Labeling of Peptides and Proteins—Linear peptides corresponding to the nuclear localization signal (NLS) sequences of the SV40 large T antigen (PKKKRKV) (27), human immunodeficiency virus protein R (VPR) (NEWTLELLEELKNEAVRHF) (28), and VIP1 (KRILANRQSAARSKERKIR) (19) were synthesized as described before (29). These peptides and recombinant full-length VirE2 and hKAP proteins were covalently attached to unlabeled bovine serum albumin (BSA) (Sigma), lissamine rhodamine-labeled BSA (R-BSA), or biotinylated BSA (bBSA) (Sigma) tags using sulfo-SMCC as a cross-linker as described previously (29). In addition, VirE2 and BSA were chemically labeled with lissamine rhodamine or fluorescein isothiocyanate (Molecular Probes, Inc.) as described (21). Labeled peptides and proteins were purified from uncoupled labels or sulfo-SMCC by gel filtration on a Sephadex G-25 column as described (21), and then aliquoted and stored at -70 °C until use.

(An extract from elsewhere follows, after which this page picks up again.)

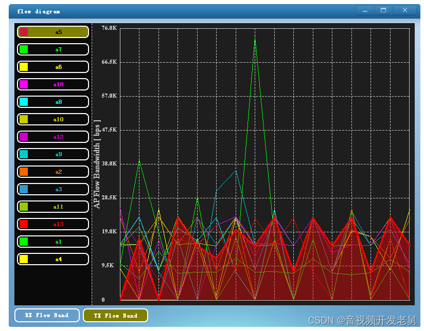 选择设备名为a5的流量图,其中a5设备的流量曲线加粗,背景半透明等效果如下图

Microinjection into Plant Tissues—Purified VirE2 labeled with lissamine rhodamine or fluorescein isothiocyanate was used in microinjection studies (30) that were performed on detached mature leaves of Nicotiana benthamiana. Movement of fluorescent probes out of target mesophyll cells was monitored and recorded by confocal laser scanning microscopy, using a Leica confocal laser scanning microscope (model TCS-4D, Heidelberg, Germany) equipped with a Narishige four-dimensional hydraulic micromanipulator system (31).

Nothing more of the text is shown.